(Supplied information)

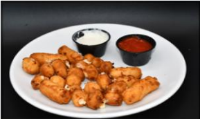
WISCONSIN CHEESE CURDS
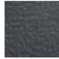
bumpy trail 332A
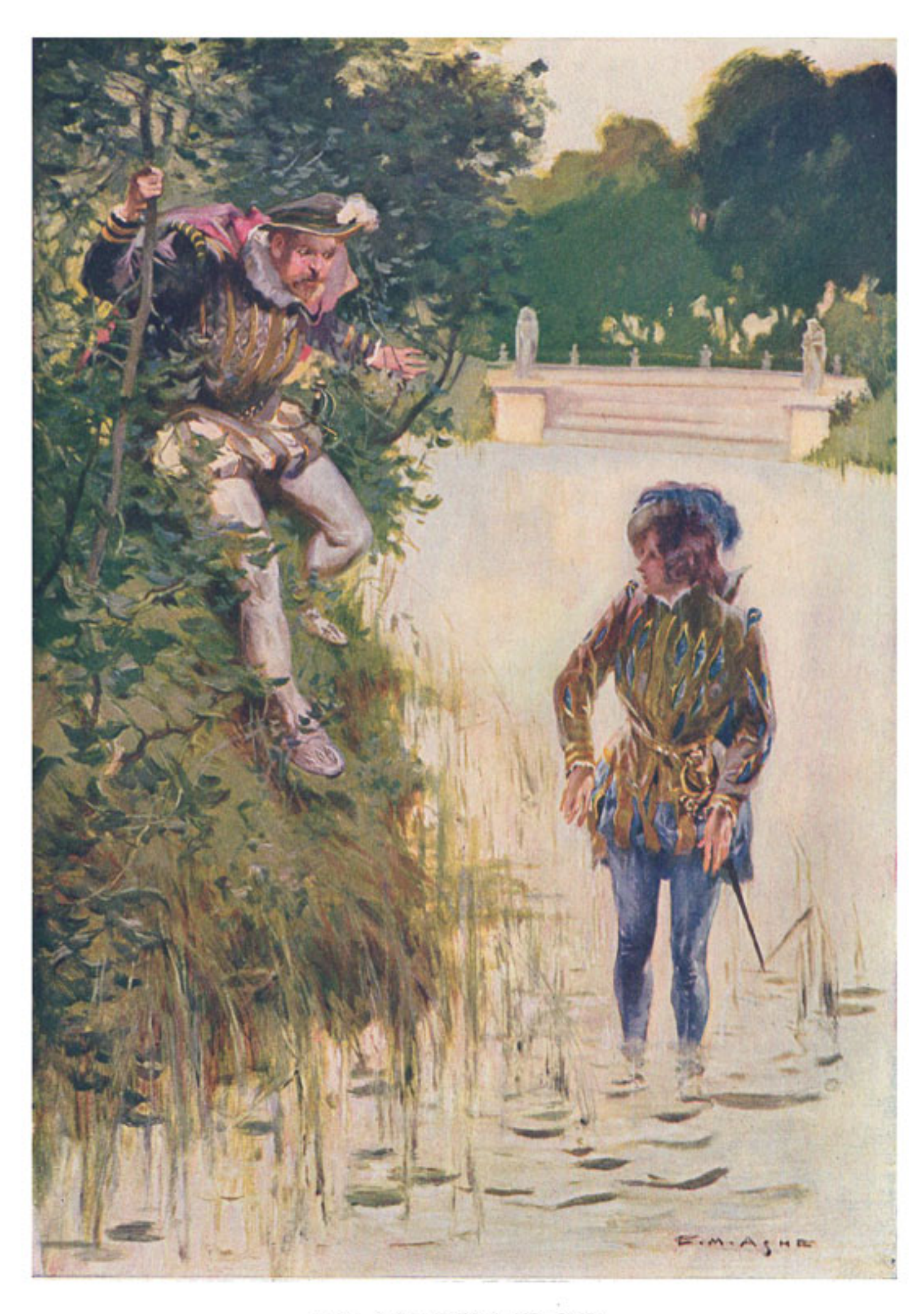
"OH, KATE, KATE!" HE CRIED
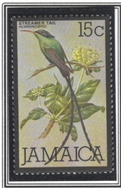
Jamaica's Arawaks Indians believe the "Doctor Bird" is the reincarnation of a dead soul.

Birds can have special place in a country's culture.
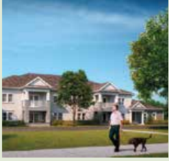
BV Announces Northside Court
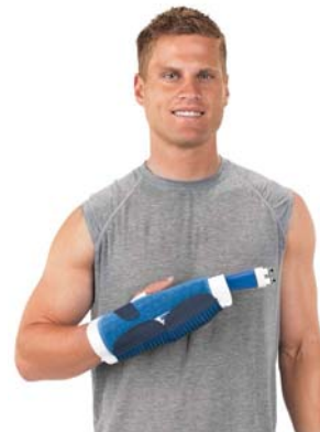
Hand / Wrist WrapOn Pad (8.5" x 9.75")
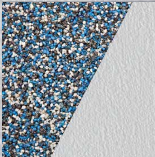
Grit wash finish (up to 2 mm): prime and apply the fabric.
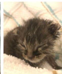
This kitten is thin, wet, and cold, and has discharge from the eyes.
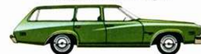
Century 350 Station Wagon
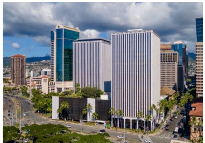
Topa Financial Center
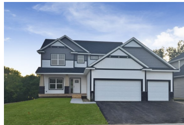
20630 Hamlet Avenue N, Forest Lake, MN The San Fran Loft | NOW $474,900! 2,407 FSF | 3 Bed | 3 Bath | 3 Car
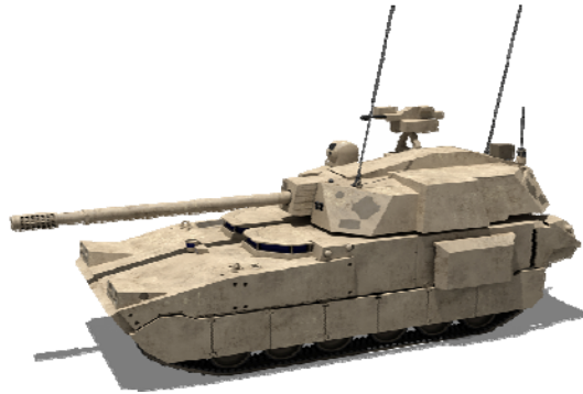
(U) XM307 Weapon Mounted on a Future Combat Systems Manned Ground Vehicle

precision, 25-millimeter, airbursting ammunition; a 25-millimeter armor-piercing ammunition; and a nonconventional, lightweight design. The Army plans to use the XM307 on selected Future Combat Systems (FCS) vehicles. The figure below shows the XM307 weapon mounted on an FCS Manned Ground Vehicle.
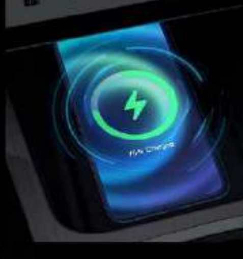
50W Air-cooled Wireless Charger

Effortless power at your fingertips, redefining convenience and efficiency for your devices
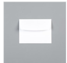
Basic White Medium Envelopes - 159236
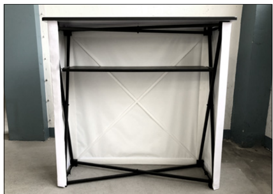
8. Apply the boards
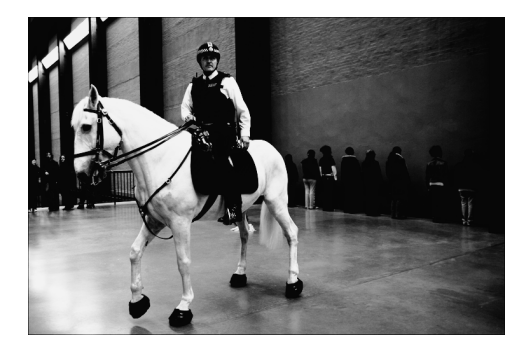
Installation view of La Monnaie Vivante at the Tate Modern. 2007. Photographs by Sheila Burnett.

and Franck Apertet) and Prinz Gholam. Curatorially, La Monnaie Vivante is distinctive in presenting performances as overlapping in a single space and time (a combination of exhibition and festival); this format forges an intense and continually shifting proximity between the different performances, as well as between performers and viewers, who occupy the same space as the works and move among them. At Tate Modern in 2008, for example, performances of varying duration took place on the Turbine Hall bridge, ranging from a six-hour live installation by Sanja Iveković (Delivering Facts, Producing Tears, 1998–2007) to fleeting instruction pieces by Lawrence Weiner (shooting a rifle at a wall, emptying a cup of sea water onto the floor). This led to some sublime juxtapositions, such as Santiago Sierra's Eight People Facing a Wall (2002) as the backdrop to Tania Bruguera's Tatlin's Whisper #5, which in turn circled around six dancers holding poses, and salivating onto the floor, choreographed by Vigier and Apertet.
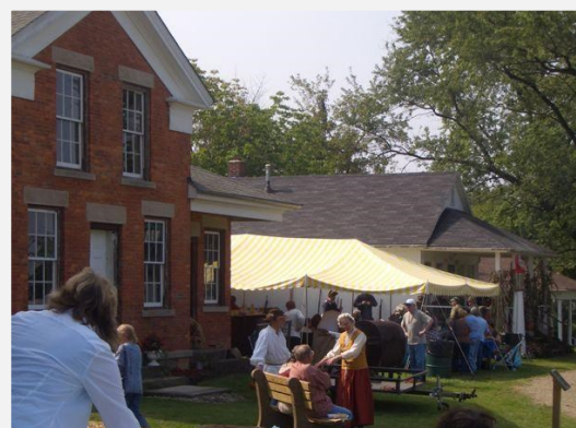
Strongsville Historical Society's Harvest Festival
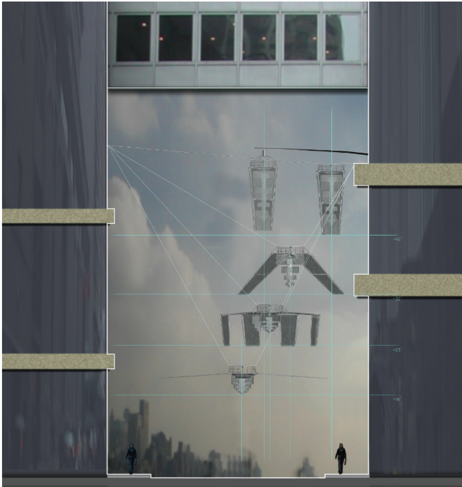
Figure 1.3. Illustrator and Photoshop, ambient space section-elevation.
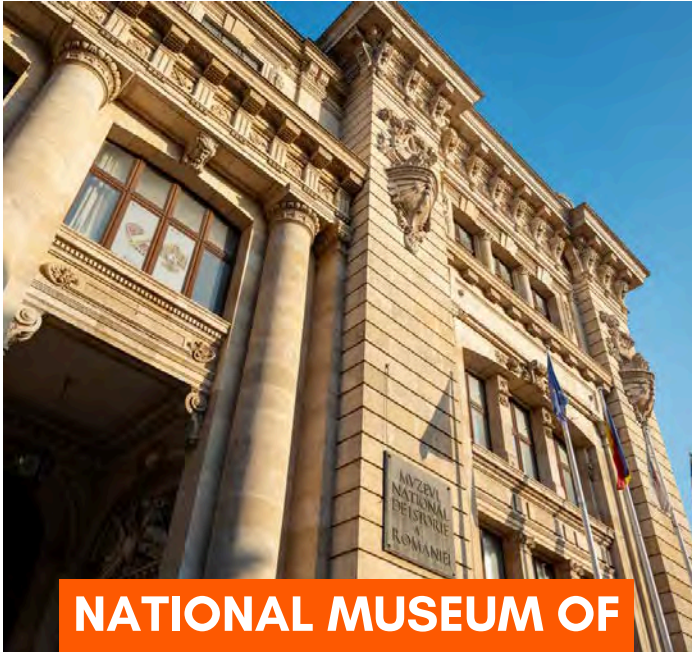
NATIONAL MUSEUM OF ART OF ROMANIA
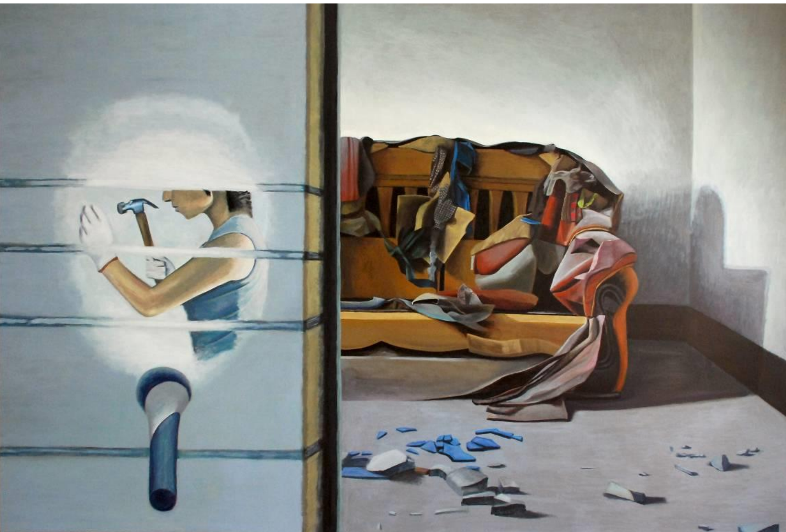
漂移 Drift 2013
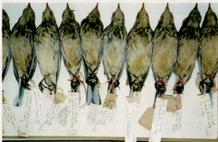
Figure 11. American Pipits of the subspecies pacificus in the collection at Museum of Vertebrate Zoology, Berkeley. The comparatively light streaking (almost spotting) of these birds never coalesces into a longitudinally "striped" appearance below, nor is the contrast with the underparts quite as strong as in Siberian.
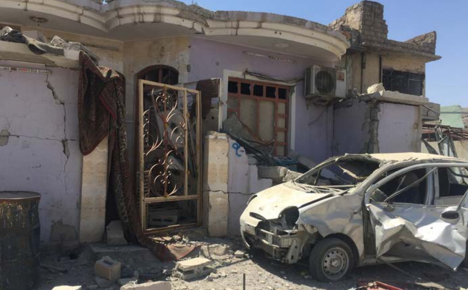
A damaged house in west Mosul following the fighting between the ISF and ISIS..

“We are a rich country and all of this ruin is due to the government, so they should pay us.” 15 —Civilian in Ramadi, September 2018.
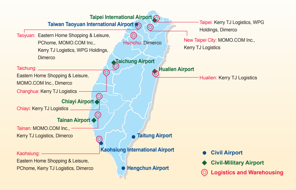
Figure 4 Distribution of International Logistics and E-commerce Industries in Taiwan

Taiwan's logistics and e-commerce industries are located throughout the island (Figure 4). Taoyuan City benefits from an international airport and is a major industry hub for e-commerce and international logistics. More than 2,000 logistics, e-commerce, cross-border e-commerce, and smart system service providers are located in neighboring areas, and they generate an annual output value of approximately NT$180 billion. As industries and related technologies have developed, operators have gradually adopted satellite warehouses and set up small warehouse and logistics sites near major metropolitan areas to provide better services.
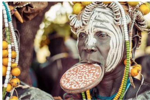
Mursi Woman

In the afternoon visit the Ari people, the biggest group in the Omo region, numbering over 100,000. Ari are living in wider villages with private compounds on which they have their huts and grow a variety of crops. They have large livestock herds and produce large quantities of honey. Ari women are famous for their pottery which they sell to support their families. (All Meals)
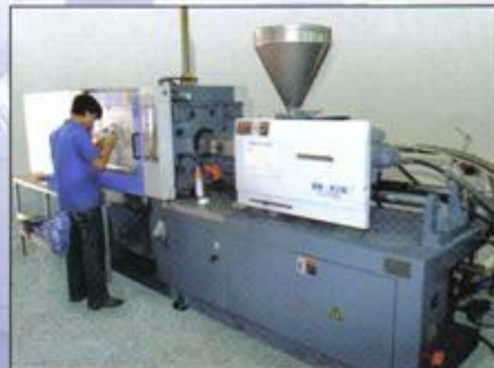
驗模機 Mould testing
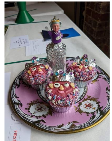
The winning entry in the Decorated Cup Cakes Class: Theme - Jubilee

afternoon was rounded off with an entertaining raffle with fabulous prizes.
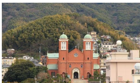
Cathedral rebuilt 1950s
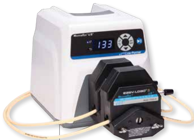
Stack up to 4 heads to maximize productivity in less space

Flow Rates in mL/min (flow rates in parentheses can only be obtained with the High-Performance pump head—at ColeParmer.com)
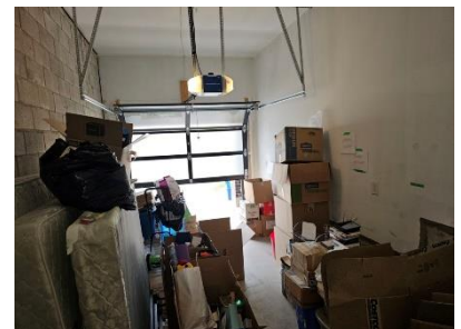
Pic. 27: Garage
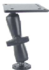
Table or wall mountable Mount for unit up to 4.5kg VESA 75 & 100 2.5" diameter base Arm length 5.625"
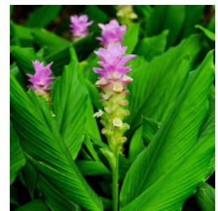
Siam or Tulip Ginger ( Cucuma alismatifolia )

“Once established, these Florida-Friendly plants little care aside from watering.” This is a family of unique flowers that put on quite a show in the garden.
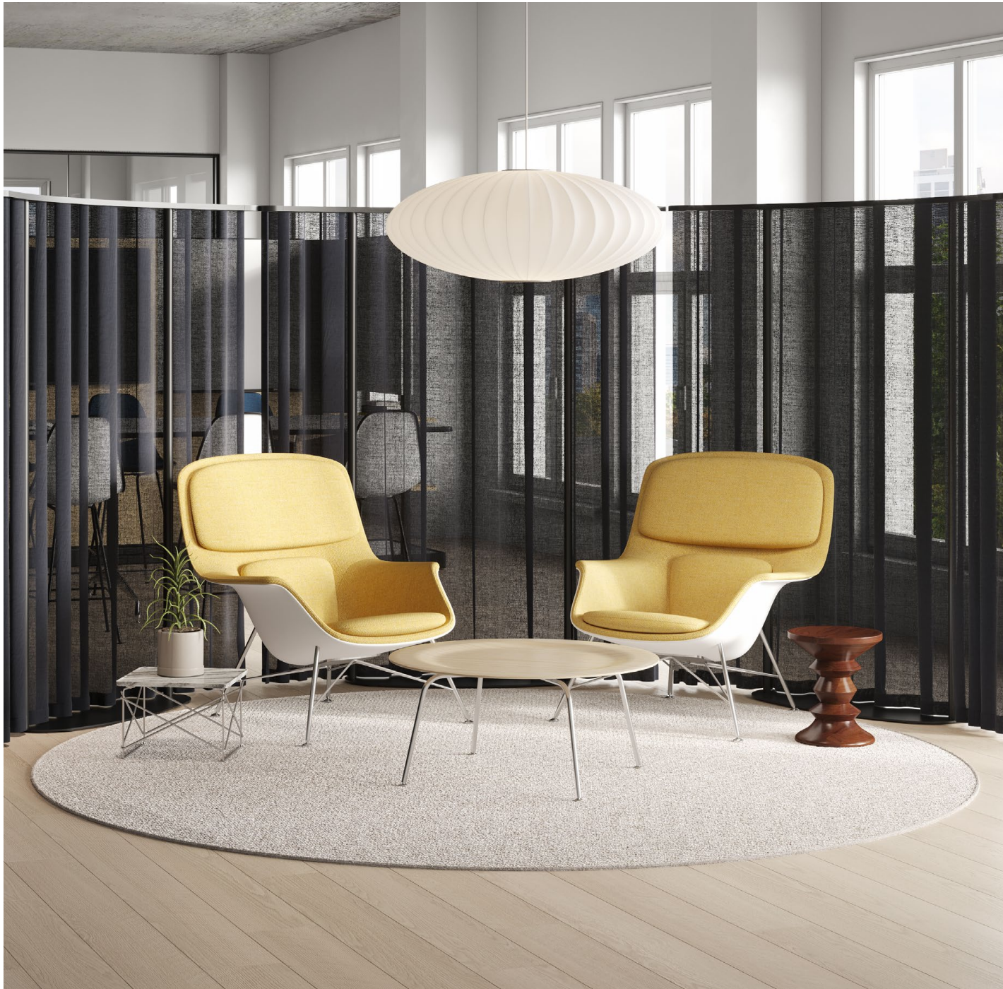
Herman Miller Nelson Bubble Lamp

(End Supplied information)

* **Task directions**:
The reply should hold the entries above from the line with "Taiwan's logistics and" to the line with "afternoon was rounded", duplicated exactly, pictures excluded.

* **Written solution**:
Taiwan's logistics and e-commerce industries are located throughout the island (Figure 4). Taoyuan City benefits from an international airport and is a major industry hub for e-commerce and international logistics. More than 2,000 logistics, e-commerce, cross-border e-commerce, and smart system service providers are located in neighboring areas, and they generate an annual output value of approximately NT$180 billion. As industries and related technologies have developed, operators have gradually adopted satellite warehouses and set up small warehouse and logistics sites near major metropolitan areas to provide better services.
Mursi Woman

In the afternoon visit the Ari people, the biggest group in the Omo region, numbering over 100,000. Ari are living in wider villages with private compounds on which they have their huts and grow a variety of crops. They have large livestock herds and produce large quantities of honey. Ari women are famous for their pottery which they sell to support their families. (All Meals)
驗模機 Mould testing
The winning entry in the Decorated Cup Cakes Class: Theme - Jubilee

afternoon was rounded off with an entertaining raffle with fabulous prizes.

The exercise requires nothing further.